MSc (Med), Clinical Microbiology and Infectious Diseases, Faculty of Health Sciences, University of the Witwaterstrand / Emergence and spread of resistance to ciprofloxacin among Neisseria
gonorrhoeae strains has reduced the options of effective treatment for
gonococcal infections and has become a concern worldwide. Up until 2008,
ciprofloxacin was recommended first-line therapy for treatment of presumptive N.

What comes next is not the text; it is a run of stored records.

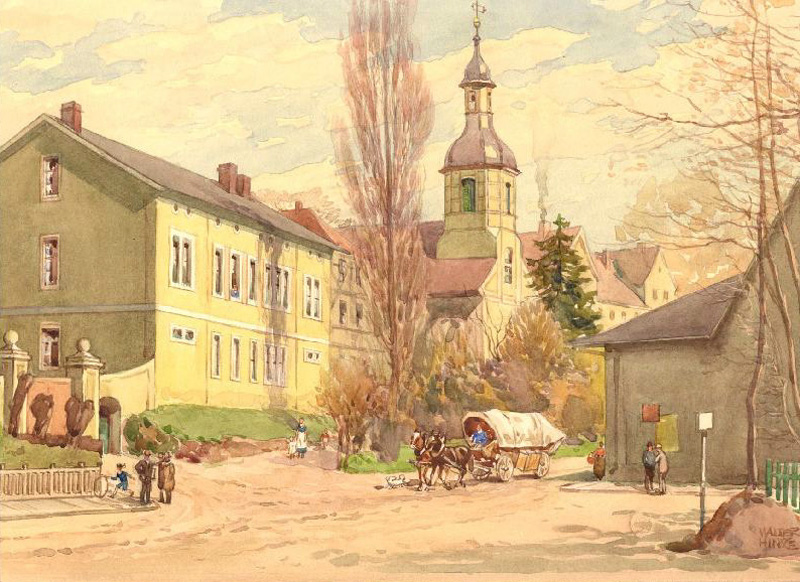 Old-Connewitz, Prinz-Eugen-Strasse (Watercolor from Walter Hinze)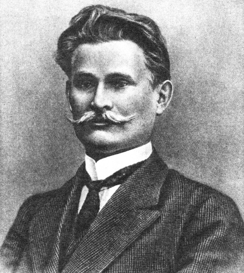 Kazys Grinius, Prime Minister of Lithuania, member of Constituent Assembly of Lithuania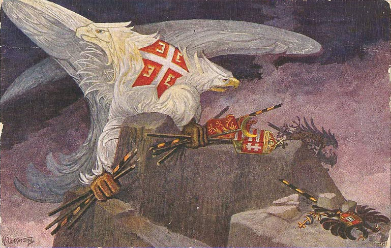 Scanned postcard in honour of the 1922 Sokol rally in Ljubljana, published by D. O. Zagreb; depicting a painting by Dragutin Inkiostri Medenjak, Bijeli Orao ("White Eagle").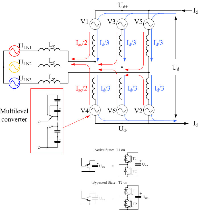 Simplified schematic arrangement of a three-phase Modular Multi-Level Converter (MMC) for HVDC.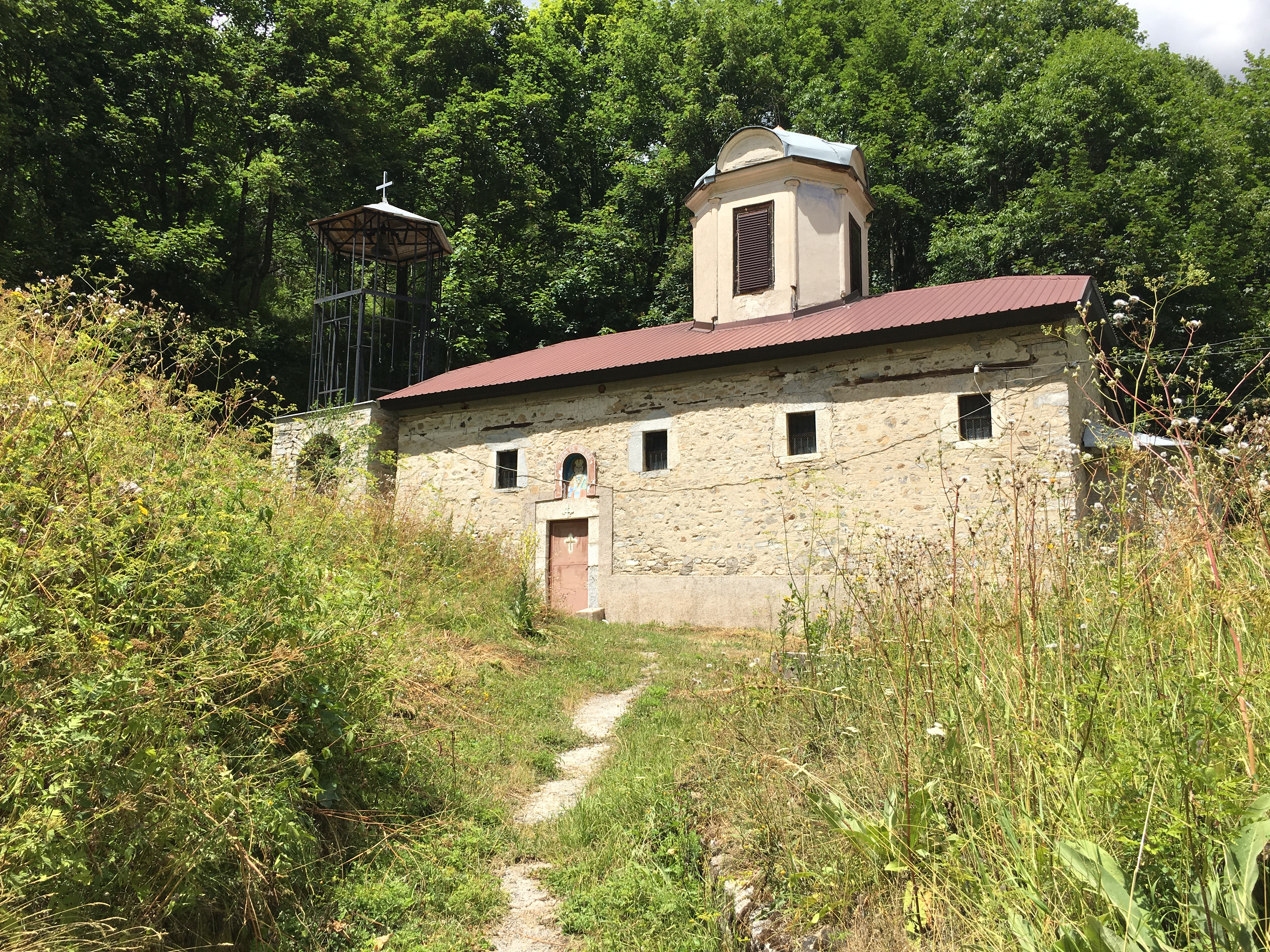 St. Nicholas Church in the village of Brodec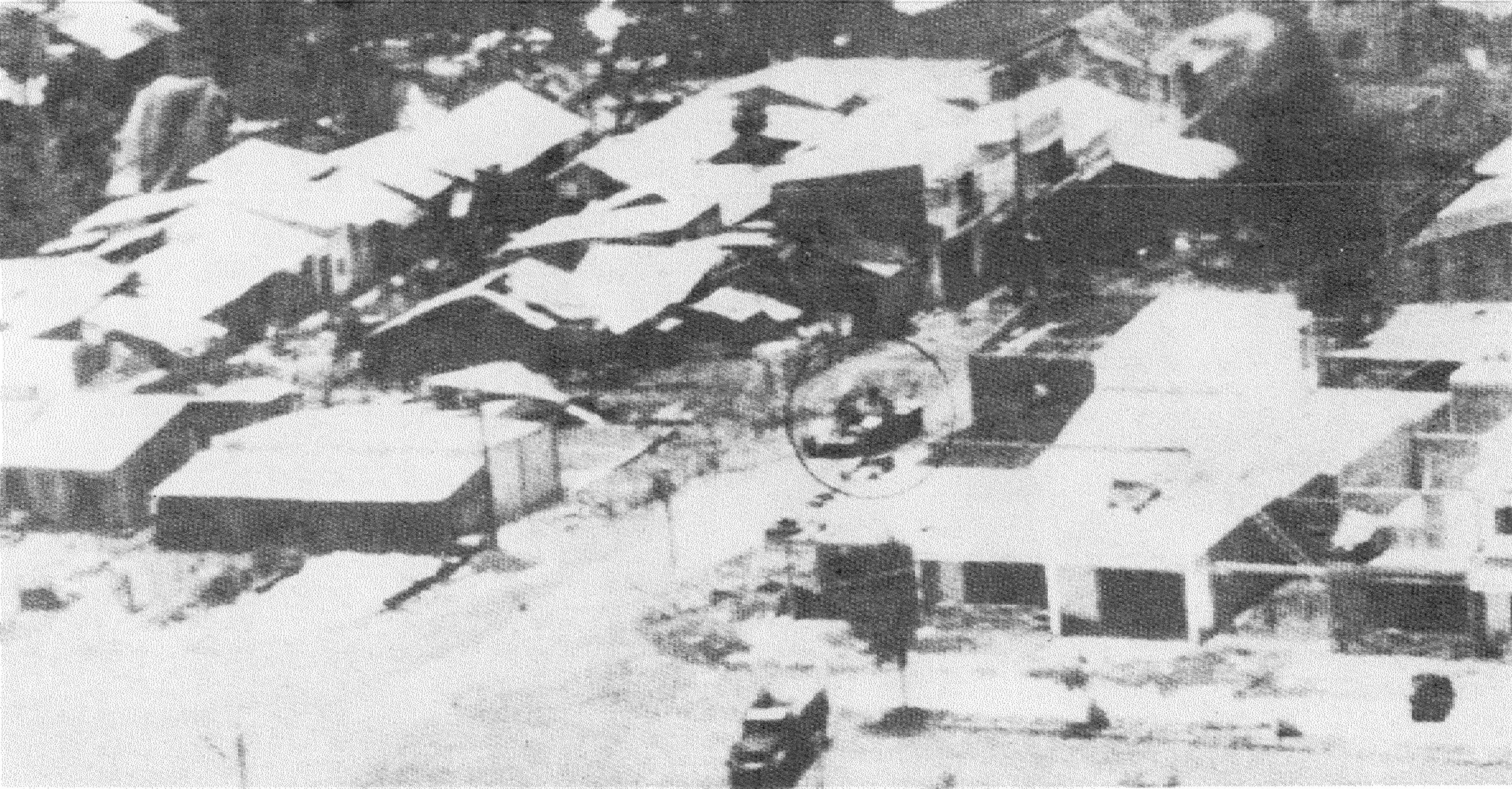 Knocked out North Vietnamese T-54 or Type 59 in An Loc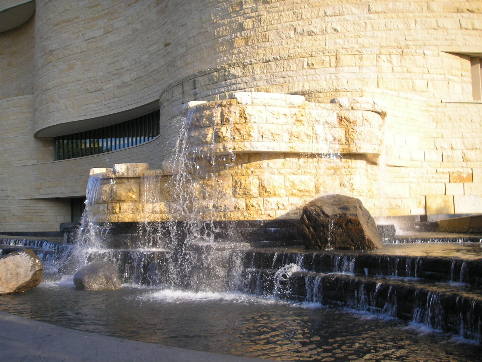 The National Museum of the American Indian in Washington, D.C..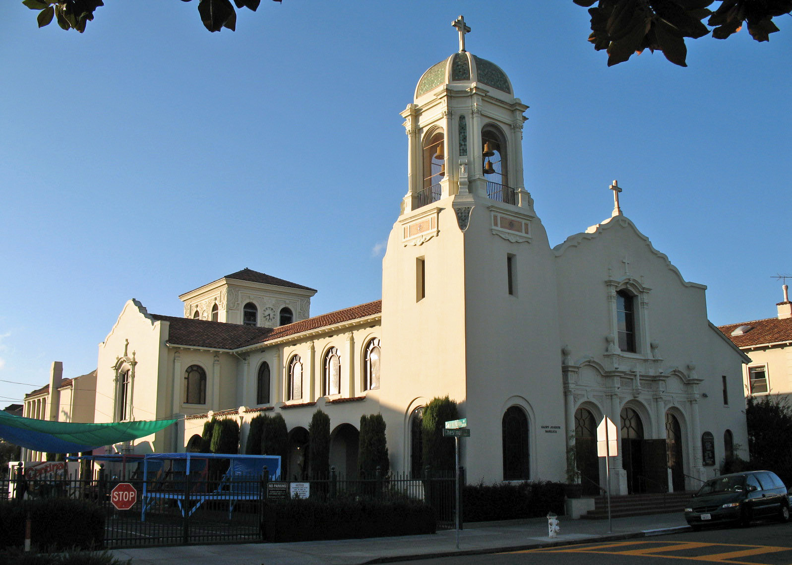 National Register of Historic Places listings in Alameda County, California. St. Joseph's Basilica, 1109 Chestnut St., Alameda, California, USA. Photographed 2008-10-04 from the northwest corner of Chestnut St. and San Antonio Ave.

gonorrhoeae infections in South Africa. At the time this MSc project was
conceived, ciprofloxacin was still used as first-line therapy for presumptive
gonococcal infections.
A real-time polymerase chain reaction (PCR) assay was used to detect
ciprofloxacin-resistant N. gonorrhoeae in DNA extracted from non-invasive urine
samples collected as part of the national microbiological surveillance (NMS)
programme during 2006-2007. The molecular epidemiology of ciprofloxacinresistant
Neisseria gonorrhoeae was investigated by sequencing the quinolone
resistance determining regions (QRDR) of the gyrA and parC genes of N.
gonorrhoeae and performing N. gonorrhoeae multi-antigen sequence typing (NGMAST).
As part of the NMS program for sexually transmitted infections (STIs) urine and
urethral swabs were collected from men presenting with urethral discharge at
primary health care clinics in Johannesburg (Gauteng), Cape Town (Western
Cape) and Kimberley (Northern Cape). Urine samples and cultured N.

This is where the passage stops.